Joseph Jones (Veidt) runs a secret organization scam that bilks widows who want to “connect” with their deceased husbands out of their estates. His group has dealt with small time donors mostly until one woman leaves them $1000000 with strings attached: her middle-aged nephew Harvey Upshaw (Lloyd Corrigan) is to receive the interest payments. So Jones and associates kidnap Wally to force him to devise a plan to “bump off” the nephew. As leverage the hoods also kidnap two women in his life his fiancée and co-worker Carol Lambert (Rutherford) and his sponsor’s (O’Neill) daughter Fran (Grey) with whom his agent (Arden) has convinced him he must periodically “date” around contract renewal time. So Wally Carol and Fran are held hostage until Wally gives the “perfect crime” plan AND it’s carried out.
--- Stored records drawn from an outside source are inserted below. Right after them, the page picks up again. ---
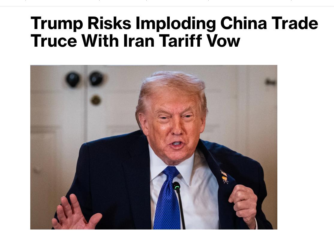 Заявление президента США Дональда Трампа о новых тарифах для стран, торгующих с Ираном, может поставить под угрозу торговое перемирие США и Китая, заключенное год назад.
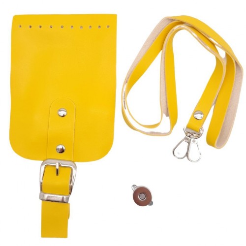 Çanta Aksesuar Tokalı Kapak Aparatlı Suni Deri Çanta Seti Sarı Renk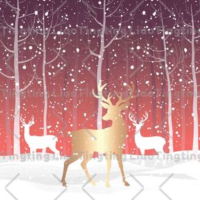 Christmas,Winter,Elk,Pine,Snowflake,Gradient,Modern Style
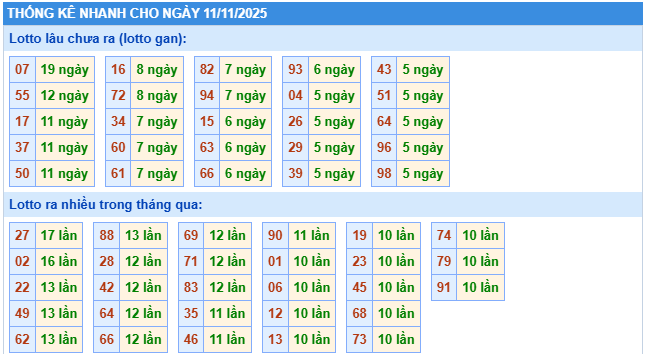 4. Thống kê lô tô KQXSMB hôm nay 11/11/2025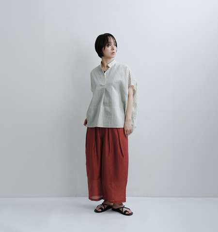 生地表面は、細かな織りによってほんのりとした艶があり、光の当たり方で表情が変わるニュアンスのある風合いが特徴。いわゆるカジュアルなリネンとは違い、ラフすぎず、きれいめな印象をキープしてくれます。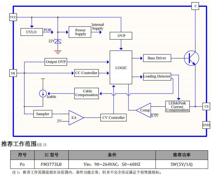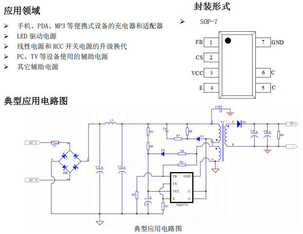 FM3773LB 是一颗 反激式隔离型原边反馈(PSR)开关电源芯片,内部集成 850 V 大功率 BJT,采用 SOP-7 封装,目标功率 5 W(5 V/1 A)。最大亮点:无需光耦、无需 TL431、无需次级电流检测,即可实现 ±3 % 恒压精度、±5 % 恒流精度,待机功耗 < 75 mW,专为手机充电器、LED 驱动、机顶盒辅助电源等“空间小、成本低、交期紧”场景设计。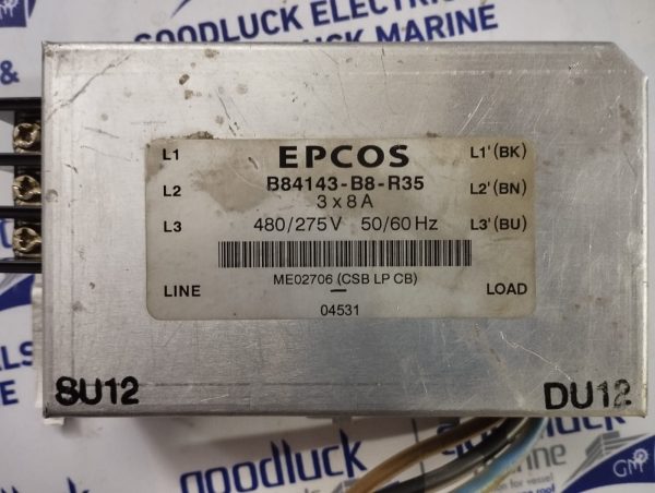Product: Power Line Filter Model No: B84143-B8-R35 480/275v 50/60hz Me02706 (Csb Lp Cb) Make: Epcos Condition: Used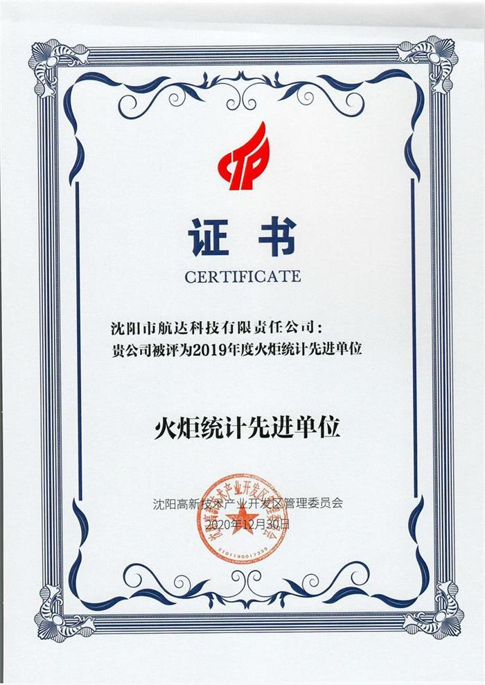 沈陽市航達科技有限責任公司被評為2019年度火炬統(tǒng)計先進單位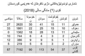 قوربانیانی توندوتیژی و نامووسپەرستی و گۆشەیەک لە ئاماری بڵاوکراوەی نۆ مانگی ڕابردوو…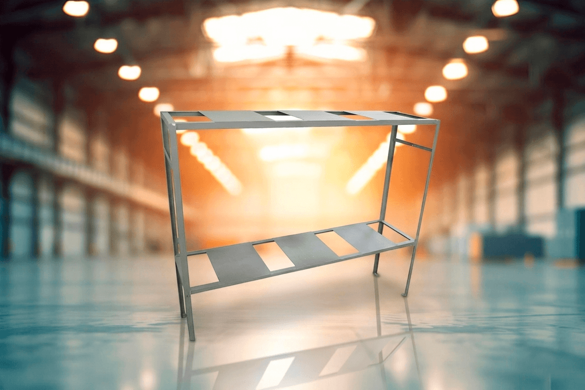• Estrutura desmontável, em chapa galvanizada, com colunas perfuradas, com pintura eletrostática na cor Bege;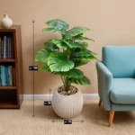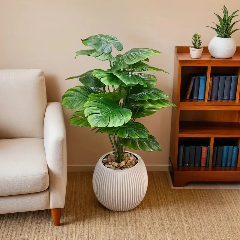 شجرة بوتس اصطناعية تتميز بسيقان طويلة ورفيعة تدعم الأوراق الخضراء الكبيرة ذات الشقوق المميزة، مما يضفي لمسة من الخضرة والحيوية على أي مكان توضع فيه.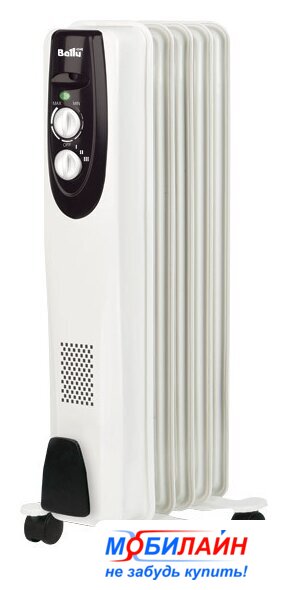 масляный радиатор, 1000 Вт, 5 секций, термостат, управление механическое, площадь обогрева 15 м2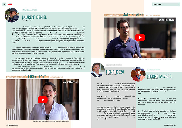 Galorama. Quel étalon vous a le plus marqué en termes de lignée? Laurent Deniel. Je pense que c’ est un peu générationnel. Je dirais que la lignée de Galileo est remarquable, et personnellement, j’ aime travailler en élevage avec des juments issues de Galileo. Elles apportent du cadre et une locomotion exceptionnels. Certains étalons transmettent ces qualités de manière admirable, comme Wootton Bassett, Lope de Vega, Gleneagles ou encore Persian King, qui, selon moi, aura un potentiel intéressant comme père de mère. En élevage, le père de mère est crucial, car environ 65 % du produit provient de la mère, d’ où son importance. Galileo, issu de Sadler’ s Wells et Northern Dancer, avec un côté maternel comprenant Urban Sea par Miswaki et Mr Prospector, représente une lignée incroyable, qui a produit de nombreux étalons.

Wally knows of a certain powder that can be mixed with an intended victim’s toothpaste that once rinsed and gargled will kill within 5 seconds. When Jones’s maid (?) Hilda overhears one of his gang (Don Costello) conspiring to let Wally and the girls escape they test the powder on him to ensure it works; it does. So one of the gang is sent to poison Harvey Upshaw while the dim-witted heavy (Ragland) and former welterweight boxing champion is left to guard them. Jones and the rest of his group continue with their business of signing up new widows they can scam. Naturally “Ragland” is easy to outsmart. Wally who’s actually quite intelligent despite his looks (and the goofy actor playing him) discovers that a previously severed phone line can be used in conjunction with a radio to call for help. It just so happens that he calls in to his radio station at the very time his regular show airs such that he can broadcast the details of the crime in progress including their kidnapping. Fooled by Orson Welles’s “War of the Worlds” broadcast three years earlier the local police chief thinks Wally’s rantings are just another hoax. But of course all will turn out alright in the end.